# Work to be completed
Print all records exactly, pictures left out.

[Collected data]
########################################

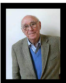
J. S. Bruner 1915-2016

També es considera fonamental el paper del o la professional que acompanya el procés i la relació que estableix amb la persona usuària
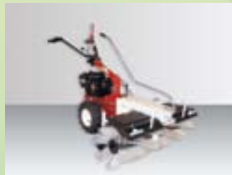
Kehren 88 cm
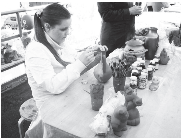
Приглашаем к творчеству.

ВОСКРЕСНЫЙ день 12 мая был солнечным, но довольно прохладным и ветреным.
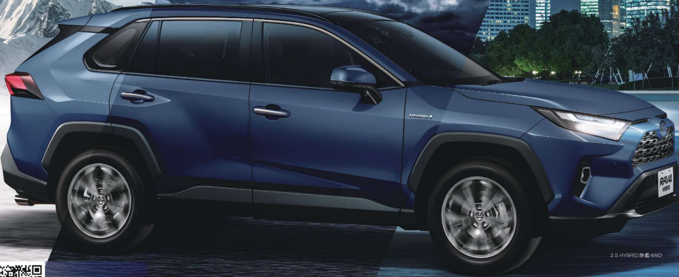
2.5 HYBRID 旗艦 4WD
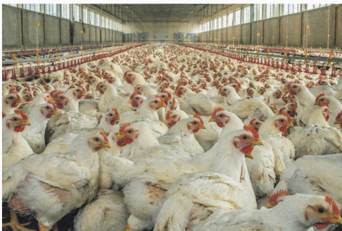
Een pluimveehouderij in de Italiaanse Po-vallei.
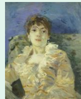
Jeune femme sur un divan, 1885, huile sur toile, Berthe Morisot, Londres Tate collection

Contemplant des œuvres d'art coréennes, chinoises et japonaises provenant des collections du musée Guimet : porcelaines décorées de fleurs, vaisselle Céladon, sculptures en bois doré, statuettes Mingki, coffres en bois laqués, vases en jade, pierres de Lettrés, paravents en soie, kimonos, parures.
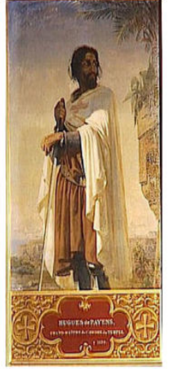
Hugues de Payens, İlk Büyük Üstat ve tapınağın kurucusu.

Mareşal: At ve teçhizat alımı, bölgesel komutanların yönetimi gibi askeri kararların alınmasından sorumluydu.
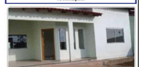
CALDAS DO OESTE: Casa com 3/4 sendo 1 suíte, 1 wc social, 1wc externo, sala de estar, copa,coz, área de serviço, dispensa, garagem e um amplo qntal. terreno com 492m² e 140m² de área construída de alto padrão com porcelanato e blindex. confira o valor!

PAINEIRAS - Apartamento de 3 quartos sendo sendo 01 suíte, 02 banheiros sociais, sala, cozinha, área de serviço e garagem, e excelente localização.
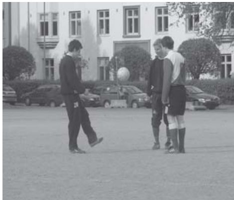
Alkulämpö à la Edustusjoukkue

Kuluvalla kaudella treenataan kolmesti viikossa ja koitetaan nousta neloseen. Tätä kirjoittaessani kausi on hurautunut hyvään käyntiin. Aloitimme tahnaisesti, koska meiltä puuttuivat totutut esipelit

########################################

# Reply to the exercise
J. S. Bruner 1915-2016

També es considera fonamental el paper del o la professional que acompanya el procés i la relació que estableix amb la persona usuària
Kehren 88 cm
Приглашаем к творчеству.

ВОСКРЕСНЫЙ день 12 мая был солнечным, но довольно прохладным и ветреным.
2.5 HYBRID 旗艦 4WD
Een pluimveehouderij in de Italiaanse Po-vallei.
Jeune femme sur un divan, 1885, huile sur toile, Berthe Morisot, Londres Tate collection

Contemplant des œuvres d'art coréennes, chinoises et japonaises provenant des collections du musée Guimet : porcelaines décorées de fleurs, vaisselle Céladon, sculptures en bois doré, statuettes Mingki, coffres en bois laqués, vases en jade, pierres de Lettrés, paravents en soie, kimonos, parures.
Hugues de Payens, İlk Büyük Üstat ve tapınağın kurucusu.

Mareşal: At ve teçhizat alımı, bölgesel komutanların yönetimi gibi askeri kararların alınmasından sorumluydu.
CALDAS DO OESTE: Casa com 3/4 sendo 1 suíte, 1 wc social, 1wc externo, sala de estar, copa,coz, área de serviço, dispensa, garagem e um amplo qntal. terreno com 492m² e 140m² de área construída de alto padrão com porcelanato e blindex. confira o valor!

PAINEIRAS - Apartamento de 3 quartos sendo sendo 01 suíte, 02 banheiros sociais, sala, cozinha, área de serviço e garagem, e excelente localização.
Alkulämpö à la Edustusjoukkue

Kuluvalla kaudella treenataan kolmesti viikossa ja koitetaan nousta neloseen. Tätä kirjoittaessani kausi on hurautunut hyvään käyntiin. Aloitimme tahnaisesti, koska meiltä puuttuivat totutut esipelit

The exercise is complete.